» **What the task requires**:
Go through the listing below and repeat it exactly, omitting each picture.

» **Data supplied**:
---------------

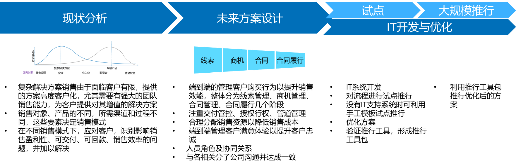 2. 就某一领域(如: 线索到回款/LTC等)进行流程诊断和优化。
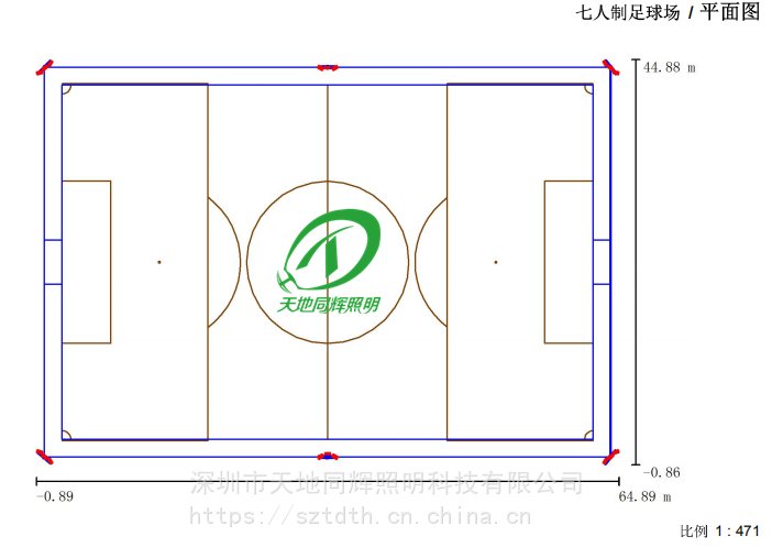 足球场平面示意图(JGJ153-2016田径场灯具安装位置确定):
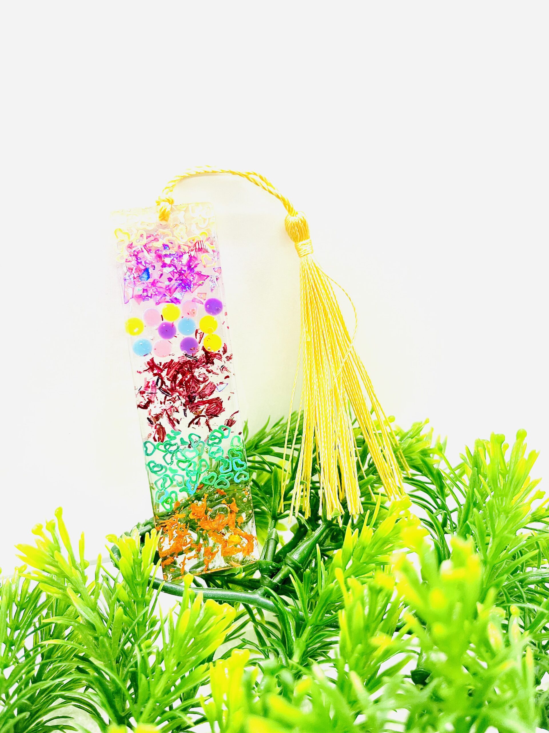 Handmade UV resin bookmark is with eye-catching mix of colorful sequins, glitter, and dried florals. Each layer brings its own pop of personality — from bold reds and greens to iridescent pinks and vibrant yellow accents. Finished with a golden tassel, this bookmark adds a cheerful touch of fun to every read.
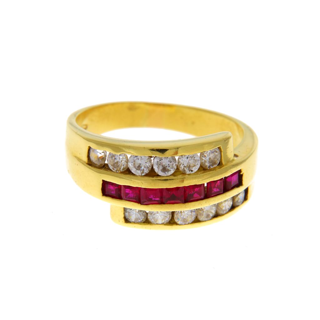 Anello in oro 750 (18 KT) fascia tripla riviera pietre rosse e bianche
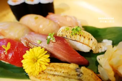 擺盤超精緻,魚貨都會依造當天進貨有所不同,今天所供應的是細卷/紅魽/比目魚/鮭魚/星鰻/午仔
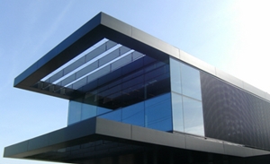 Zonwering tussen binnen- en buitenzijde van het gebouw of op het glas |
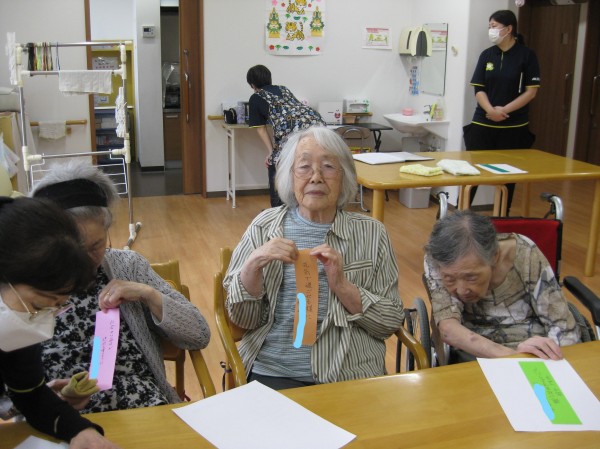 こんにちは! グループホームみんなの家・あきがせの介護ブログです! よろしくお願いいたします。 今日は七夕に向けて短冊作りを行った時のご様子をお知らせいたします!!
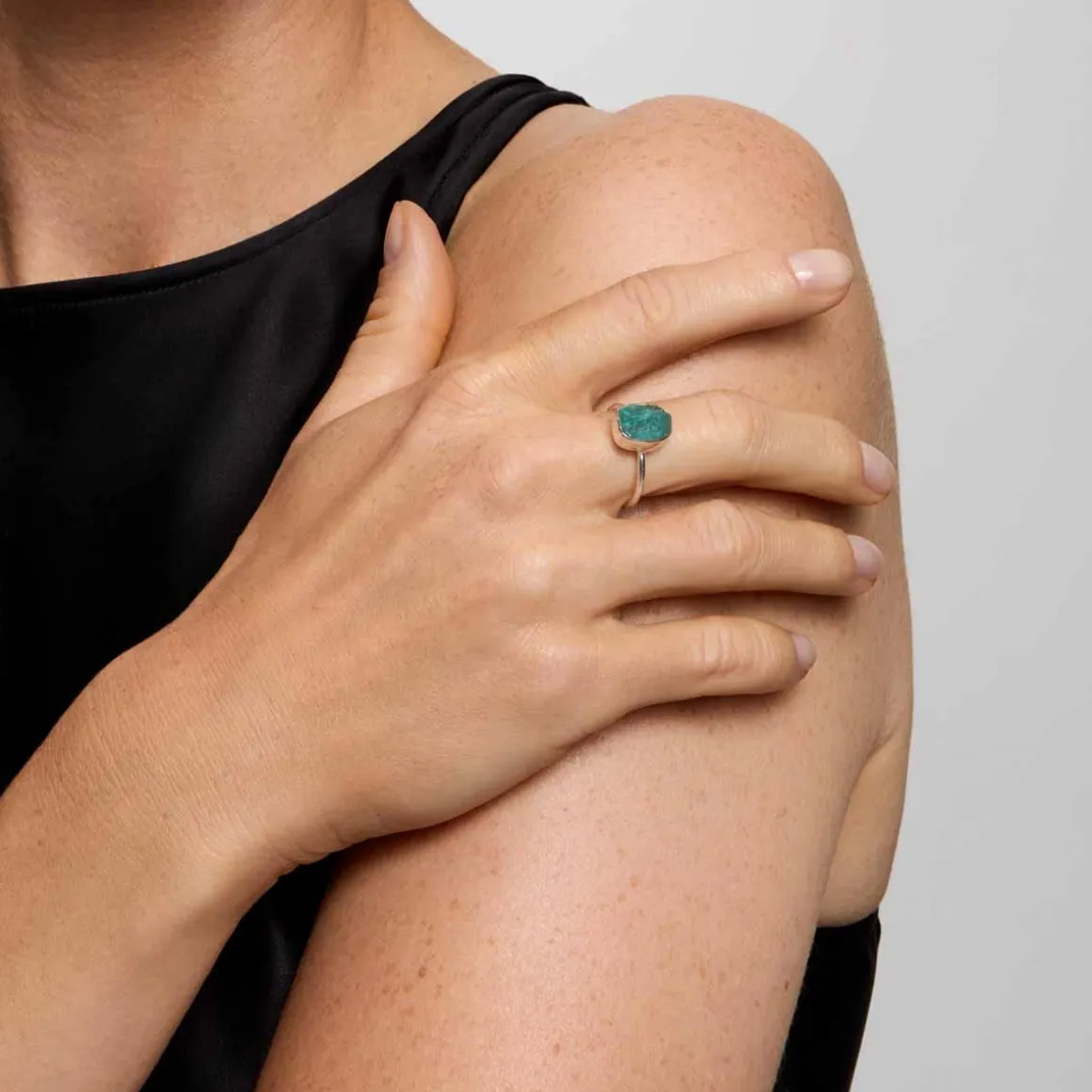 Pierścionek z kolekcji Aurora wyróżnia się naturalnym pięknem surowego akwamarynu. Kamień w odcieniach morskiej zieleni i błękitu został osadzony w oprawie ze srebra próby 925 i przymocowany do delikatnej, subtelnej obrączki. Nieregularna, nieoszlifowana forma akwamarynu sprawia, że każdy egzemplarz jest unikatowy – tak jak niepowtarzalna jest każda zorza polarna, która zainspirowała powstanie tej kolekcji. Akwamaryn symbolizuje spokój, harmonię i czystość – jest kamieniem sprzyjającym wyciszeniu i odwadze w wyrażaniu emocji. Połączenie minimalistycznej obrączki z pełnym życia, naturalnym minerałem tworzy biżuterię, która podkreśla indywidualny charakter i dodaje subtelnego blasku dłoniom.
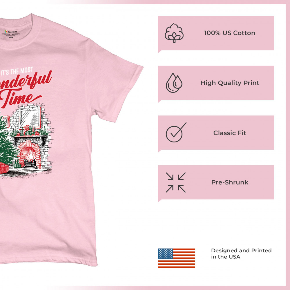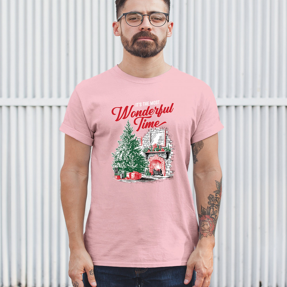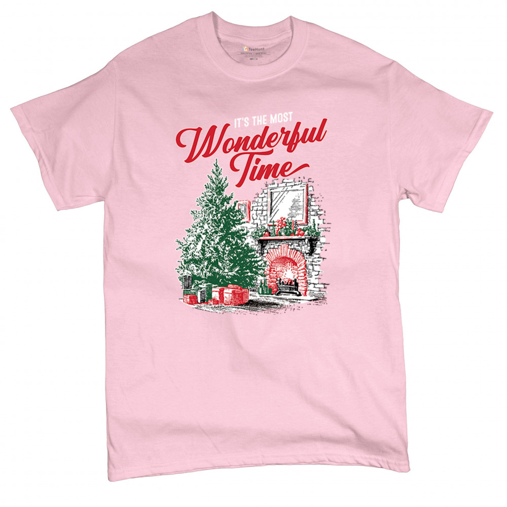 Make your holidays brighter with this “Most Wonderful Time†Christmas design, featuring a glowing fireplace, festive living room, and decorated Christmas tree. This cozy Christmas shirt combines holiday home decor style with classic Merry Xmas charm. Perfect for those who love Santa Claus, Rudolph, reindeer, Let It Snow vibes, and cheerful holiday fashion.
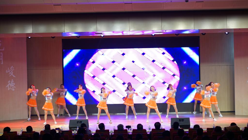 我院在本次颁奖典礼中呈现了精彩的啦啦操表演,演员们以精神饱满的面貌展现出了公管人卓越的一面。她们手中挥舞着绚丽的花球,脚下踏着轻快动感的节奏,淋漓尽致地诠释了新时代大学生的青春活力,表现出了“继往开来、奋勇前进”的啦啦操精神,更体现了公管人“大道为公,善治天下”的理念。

---------------

» **Completed exercise**:
 2. 就某一领域(如: 线索到回款/LTC等)进行流程诊断和优化。
 足球场平面示意图(JGJ153-2016田径场灯具安装位置确定):
 Handmade UV resin bookmark is with eye-catching mix of colorful sequins, glitter, and dried florals. Each layer brings its own pop of personality — from bold reds and greens to iridescent pinks and vibrant yellow accents. Finished with a golden tassel, this bookmark adds a cheerful touch of fun to every read.
 Anello in oro 750 (18 KT) fascia tripla riviera pietre rosse e bianche
 擺盤超精緻,魚貨都會依造當天進貨有所不同,今天所供應的是細卷/紅魽/比目魚/鮭魚/星鰻/午仔
 Zonwering tussen binnen- en buitenzijde van het gebouw of op het glas |
 こんにちは! グループホームみんなの家・あきがせの介護ブログです! よろしくお願いいたします。 今日は七夕に向けて短冊作りを行った時のご様子をお知らせいたします!!
 Pierścionek z kolekcji Aurora wyróżnia się naturalnym pięknem surowego akwamarynu. Kamień w odcieniach morskiej zieleni i błękitu został osadzony w oprawie ze srebra próby 925 i przymocowany do delikatnej, subtelnej obrączki. Nieregularna, nieoszlifowana forma akwamarynu sprawia, że każdy egzemplarz jest unikatowy – tak jak niepowtarzalna jest każda zorza polarna, która zainspirowała powstanie tej kolekcji. Akwamaryn symbolizuje spokój, harmonię i czystość – jest kamieniem sprzyjającym wyciszeniu i odwadze w wyrażaniu emocji. Połączenie minimalistycznej obrączki z pełnym życia, naturalnym minerałem tworzy biżuterię, która podkreśla indywidualny charakter i dodaje subtelnego blasku dłoniom.
 Make your holidays brighter with this “Most Wonderful Time†Christmas design, featuring a glowing fireplace, festive living room, and decorated Christmas tree. This cozy Christmas shirt combines holiday home decor style with classic Merry Xmas charm. Perfect for those who love Santa Claus, Rudolph, reindeer, Let It Snow vibes, and cheerful holiday fashion.
 我院在本次颁奖典礼中呈现了精彩的啦啦操表演,演员们以精神饱满的面貌展现出了公管人卓越的一面。她们手中挥舞着绚丽的花球,脚下踏着轻快动感的节奏,淋漓尽致地诠释了新时代大学生的青春活力,表现出了“继往开来、奋勇前进”的啦啦操精神,更体现了公管人“大道为公,善治天下”的理念。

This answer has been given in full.